Novel Bumi Tere Liye Halaman 4

BUMI

(Tere Liye)






          ”Papa minta maaf, sepertinya lagi-lagi tidak bisa menghabiskan sarapan bersama. Tiga puluh menit lagi Papa harus segera ada di kantor. Tuan Direktur memanggil.”

            Tuan Direktur? Aku menepuk jidat. Selalu begitu.

          Papa tertawa. ”Ayolah, Papa harus bergegas, Ra. Papa janji, Ma, gantinya kita makan malam bersama nanti.”

           Mama menghela napas tipis. Kecewa.

       Baik. Sepertinya aku juga harus menyudahi sarapanku yang belum sepertiga nasibku sama dengan banyak remaja lain, ha­rus berangkat ke sekolah bersama orangtua. Mereka buru-buru, maka aku ikut buru-buru. Mereka telat, aku juga ikut telat. Aku meletakkan sendok, beranjak berdiri, lantas berlari naik ke kamar, mengambil tas dan keperluan sekolah.

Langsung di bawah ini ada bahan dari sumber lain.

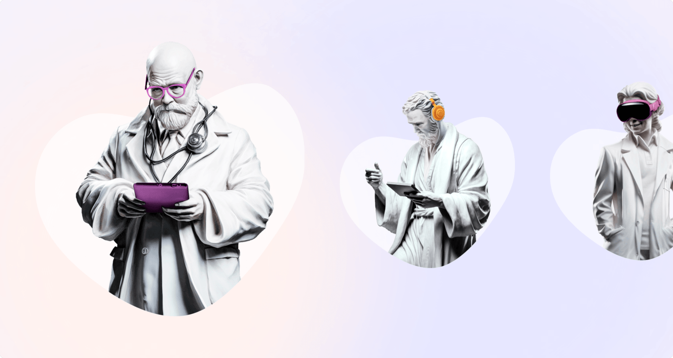 Для создания сильного визуального эффекта на главной странице были использованы образы именитых врачей, отлитых в мраморе, но с современными гаджетами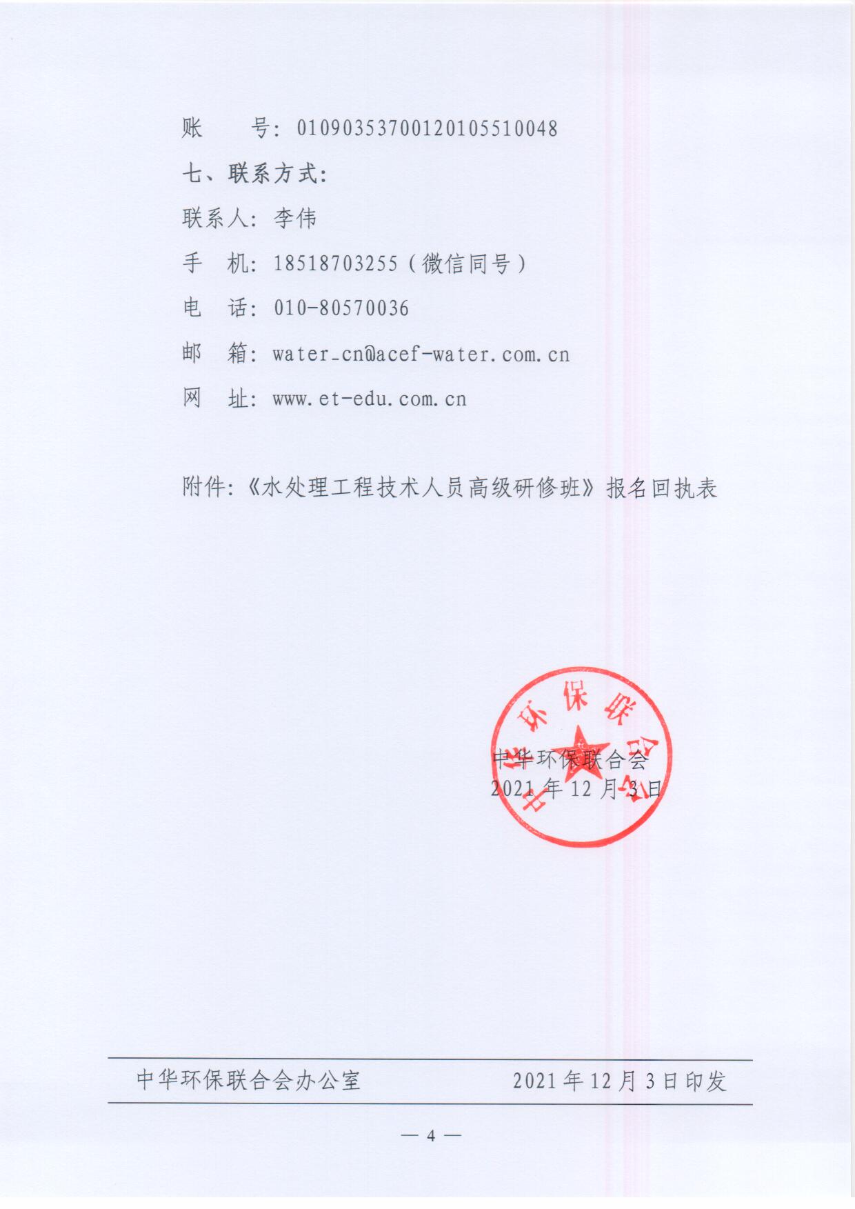关于举办“双碳背景下水处理工程技术人员高级研修班”的通知

          ”Jangan lupa sarapan lagi di kantor, Pa.”

        ”Tentu saja. Bila perlu, Papa akan sarapan sambil rapat dengan Tuan Direktur. Itu pasti akan menarik.” Papa mengedip­kan mata, bergurau.

       Mama melotot. Papa buru-buru memperbaiki ekspresi wajah. ”Papa tidak akan lupa, Ma. Peraturan ketujuh keluarga kita: sarapan selalu penting.” Papa meniru gayaku, tangan hormat di dahi. Mama tersenyum.

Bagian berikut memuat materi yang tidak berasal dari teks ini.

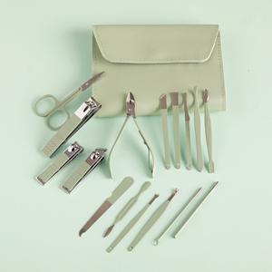 Descrição: Kit manicure 16 peças em estojo de couro sintético estilo envelope, contém: tesoura, alicate de cutícula, pinça, 3 cortadores de unha, lixa, 2 bisturis, raspador, empurrador de cutícula, removedor de cutícula, espátula dupla para limpeza das un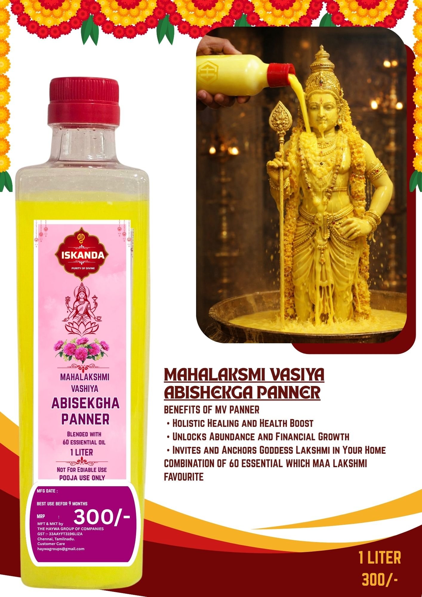 ✨MAHALAKSHMI VASHIYA ABISHEGHA PANNER– Symbol of Auspiciousness✨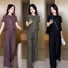 Package Included:1* Elegant Solid Color Top Loose Pants 2-Piece Set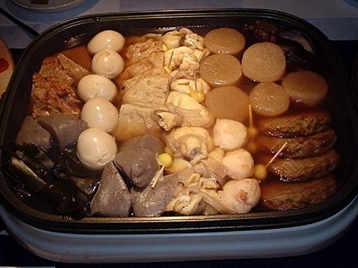 今夜のメイン料理である「おでん」。いろいろな材料が入っていて、やはりこれは日本から持ってきていただいた材料なしでは難しい。思いがけなく大量に捌けて作った友人も驚いたり喜んだり。(^_^)

          Papa memang sedang berada di titik paling penting karier pekerjaannya—setidaknya demikian kalau Papa menjelaskan kenapa dia harus pulang larut malam, kenapa dia harus bergegas pagi-pagi sekali. ”Papa harus berhasil melewati fase ini dengan baik, Ra. Sekali Papa berhasil memenangkan hati pemilik per­usahaan, karier Papa akan melesat cepat. Posisi lebih baik, gaji lebih tinggi. Keluarga kita harus kompak mendukung, termasuk kamu. Toh pada akhirnya kamu juga yang diuntungkan. Mau liburan ke mana? Mau beli apa? Semua beres.”

        Aku hanya bisa meng­angguk, setengah paham (soal jalan-jalan atau belanja), se­tengah tidak (soal memenangkan hati pemilik perusahaan).

          ”Dasi Papa miring.” Mama menunjuk, beranjak mendekat, memperbaiki.

       ”Terima kasih.” Papa tersenyum, melirik pergelangan tangan. ”Celemek Mama juga miring.” Papa ikut memperbaiki, meski sekali lagi melirik pergelangan tangan.

          ”Jangan pulang larut malam, Pa.”

          ”Mama lupa ya? Kan tadi Papa bilang nanti malam kita makan malam bersama. Spesial. Tidak akan terlambat.” Papa men­dongak. ”Alangkah lamanya anak itu mengambil tas se­ko­lah.”

          ”Tentu saja.”

          ”Tentu saja apanya?”

          ”Tentu saja Ra lama. Meniru siapa lagi? Selalu lama melaku­kan sesuatu, dan terbirit-birit panik kalau sudah kehabisan waktu.” Mama tersenyum simpul.

          ”Oh, itu entahlah meniru siapa.” Papa pura-pura tidak me­ngerti, sambil ketiga kalinya melirik jam tangan. ”Yang Papa tahu, anak itu cantiknya meniru siapa.”

          Mama tersipu. Mereka berdua tertawa.

         Papa melihat jamnya lagi, mengeluh. ”Lima menit? Lama sekali anak itu mengambil…”

          ”Ra sudah selesai dari tadi kok.” Aku nyengir, menurunkan telapak tangan.

         ”Eh? Ra?” Papa berseru kecil, hampir terlonjak melihatku tiba-tiba sudah berdiri di anak tangga terakhir. ”Bagaimana kamu sudah ada di sana? Kamu selalu saja mengejutkan orang­tua.” Papa bersungut-sungut, meski sungutnya lebih karena dia harus bergegas.

         ”Jangan menggoda papamu, Ra. Dia selalu saja tidak mem­per­hatikan. Sejak kamu kecil malah.” Sekarang giliran Mama yang menggunakan kalimat itu, tersenyum.